COLLECTED MATERIAL START
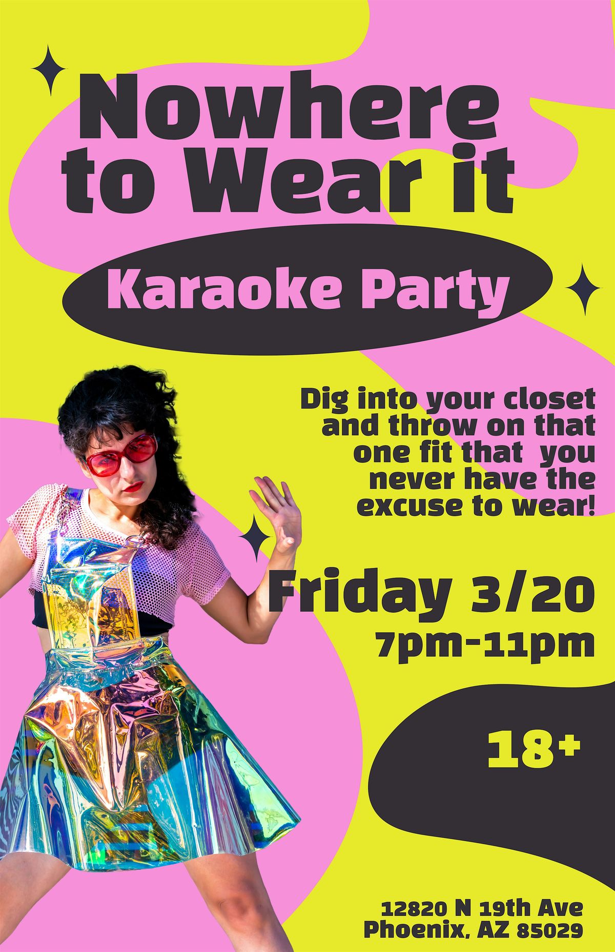 Join us for the Karaoke Party: Nowhere To Wear It – an in-person event where you can belt out your favorite tunes, meet cool people, and just have a blast. Whether you're a shower singer or a stage star, this is the perfect chance to shine! Bring your energy, your friends, and your best vocals. Let's make some unforgettable memories together! Dig into your closet and find that one fit you never have an exxcuse to wear!
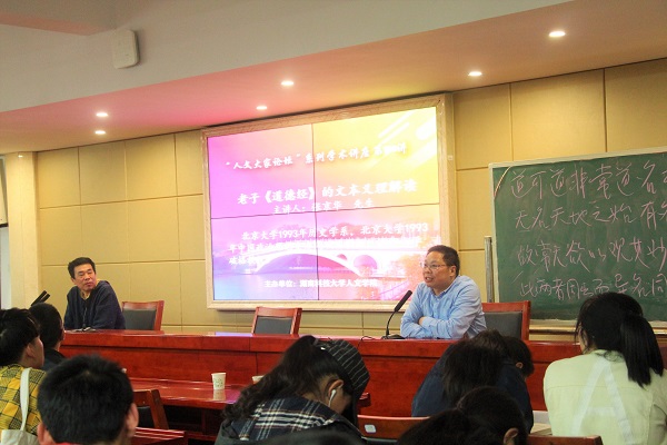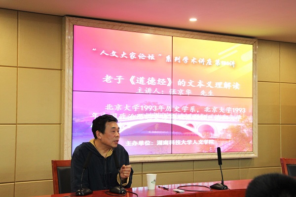 4月17日晚,湖南科技公司张京华教授应邀前来公司SUNBET申博做了一堂题为“老子《道德经》的文本义理解读”的精彩学术报告。本次讲座由公司党委书记廖加林教授主持,公司吴广平教授、王友胜教授、张晚林教授、颜中军、胡忆红、余霞、胡红梅、龚超等老师及文、史、哲等专业的100多为本科生、硕士研究生到场聆听。
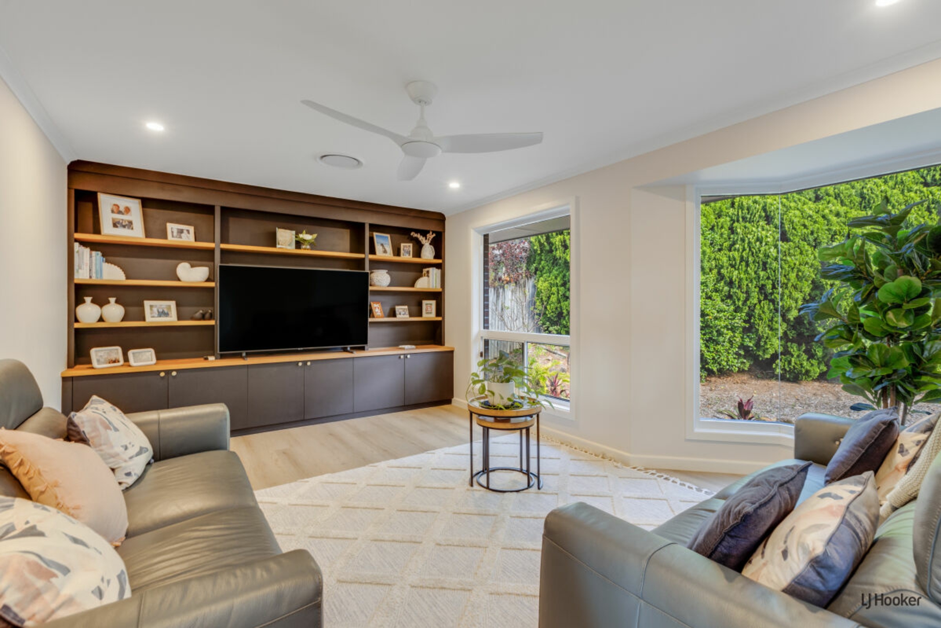 Step inside to discover a flexible floorplan offering five bedrooms, three bathrooms, and multiple living zones-perfect for large families, multigenerational living, or those who desire room to grow. The upper level is the heart of the home, featuring a spacious open-plan living, dining, and kitchen area that flows seamlessly to the oversized covered deck complete with alfresco blinds. This all-weather space is ideal for entertaining, relaxing, or watching the kids play in the pool below.
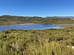 There are three lakes within the wetland: Lake Mangarakau, Big Pond, and Little Pond.[6] Lake Mangarakau is the largest, covering just over 14 hectares (35 acres).[7]
COLLECTED MATERIAL END
**PROBLEM REQUIREMENTS**
What you return should be the whole listing, word for word, without its pictures.

**RESPONSE**
 Join us for the Karaoke Party: Nowhere To Wear It – an in-person event where you can belt out your favorite tunes, meet cool people, and just have a blast. Whether you're a shower singer or a stage star, this is the perfect chance to shine! Bring your energy, your friends, and your best vocals. Let's make some unforgettable memories together! Dig into your closet and find that one fit you never have an exxcuse to wear!
 4月17日晚,湖南科技公司张京华教授应邀前来公司SUNBET申博做了一堂题为“老子《道德经》的文本义理解读”的精彩学术报告。本次讲座由公司党委书记廖加林教授主持,公司吴广平教授、王友胜教授、张晚林教授、颜中军、胡忆红、余霞、胡红梅、龚超等老师及文、史、哲等专业的100多为本科生、硕士研究生到场聆听。
 Step inside to discover a flexible floorplan offering five bedrooms, three bathrooms, and multiple living zones-perfect for large families, multigenerational living, or those who desire room to grow. The upper level is the heart of the home, featuring a spacious open-plan living, dining, and kitchen area that flows seamlessly to the oversized covered deck complete with alfresco blinds. This all-weather space is ideal for entertaining, relaxing, or watching the kids play in the pool below.
 There are three lakes within the wetland: Lake Mangarakau, Big Pond, and Little Pond.[6] Lake Mangarakau is the largest, covering just over 14 hectares (35 acres).[7]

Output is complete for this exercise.